On Jan. 27, Raymond Davis killed two armed Pakistanis in a crowded part of Lahore, firing his Glock pistol nine times through the windshield of his car at the two motorcycle-borne men and landing every shot. He then exited his car to photograph and film the men, who he alleged were trying to rob him. According to autopsy findings, one was still alive when Davis photographed them. A third Pakistani was killed when he was hit by a vehicle responding to Davis' subsequent call for backup. Both Davis and the backup car fled the scene. The police successfully intercepted Davis and arrested him, while the other vehicle escaped.
The incident has provoked widespread outrage in Pakistan that spans the political, religious and social spectrum. The episode confirms every suspicion of those who already held a negative view of the U.S., but the anger is also widely shared by those who are normally predisposed to defend the U.S. Washington's official reaction was to call for Davis' immediate release based on diplomatic immunity, a claim Pakistan has referred to the courts. Washington's notable failure to immediately and fully acknowledge the loss of life raised Pakistani passions, and subsequent threats to cut aid and curtail bilateral dialogue strengthened the perception of U.S. high-handedness.

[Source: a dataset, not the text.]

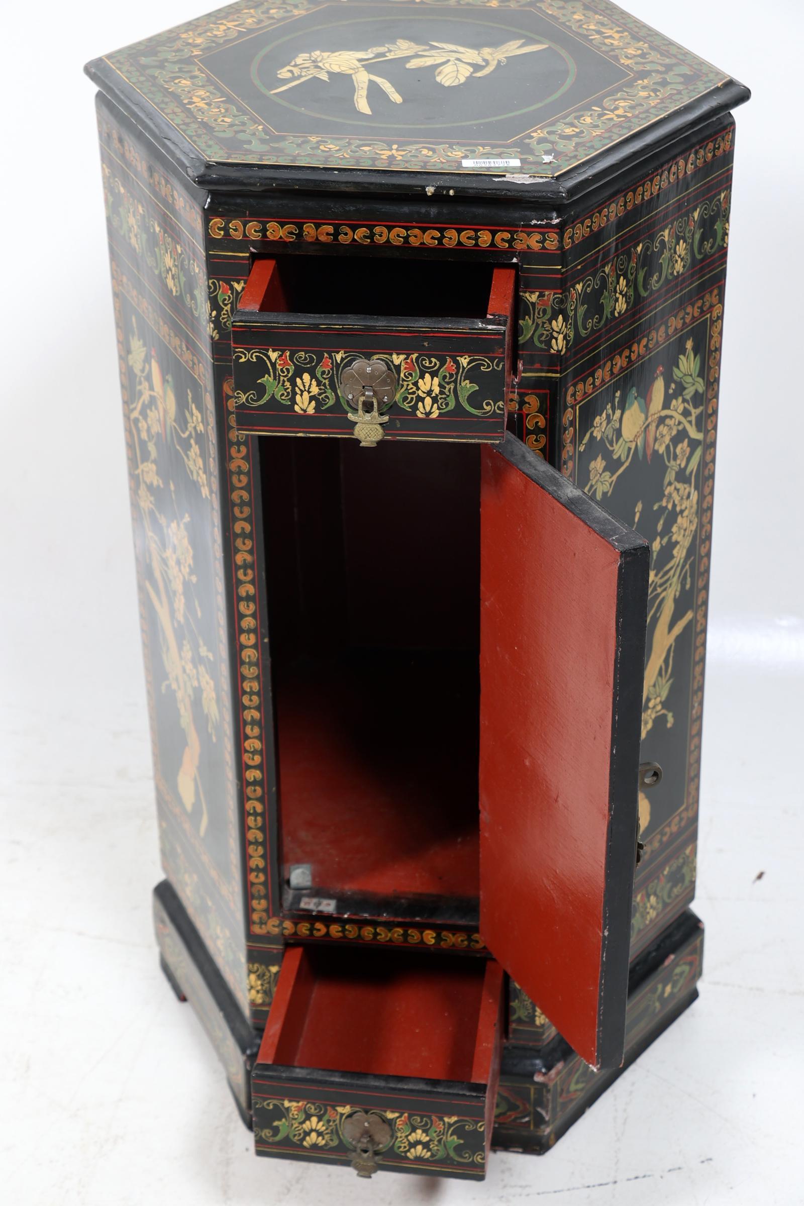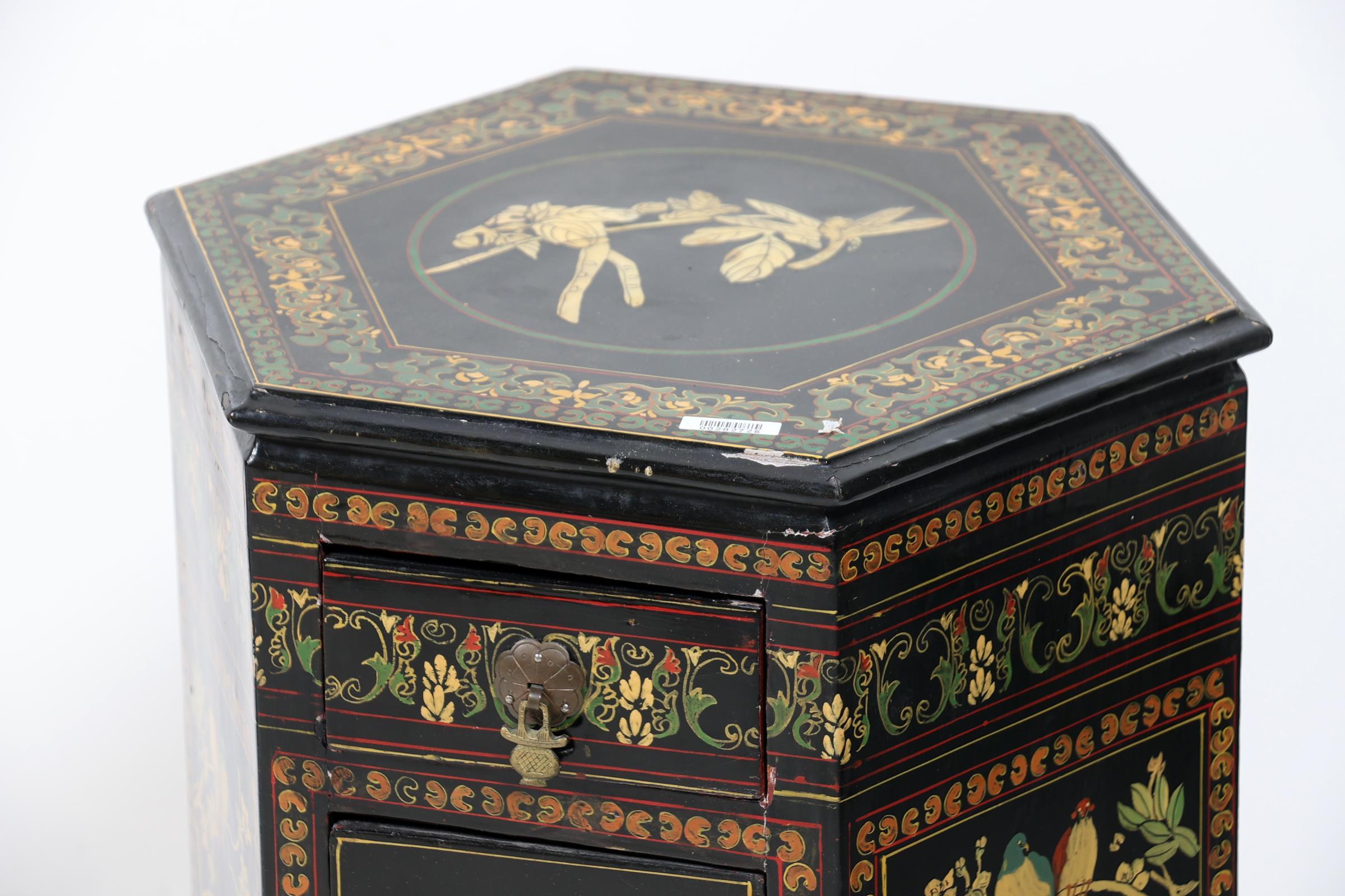 6-Kantige Chinees lakwerk 1-deurs kast, h.73 x b.36 x d.41 cm.

The shooting disrupted an already charged domestic environment. Pakistan is in acute economic turmoil, and headlines in the days before the incident were heavily focused on government corruption. Aware of its unpopularity, the Pakistani government responded cautiously to the shooting and, with a mind to its domestic audience, has resisted U.S. demands. These moves, however, have failed to quell dissatisfaction with the government, and anti-American sentiment has surged to unprecedented levels. The subsequent confirmation of Davis' ties to the CIA has only validated public opinion and settled the question of diplomatic immunity in the minds of Pakistanis, even though the courts have yet to rule on the matter.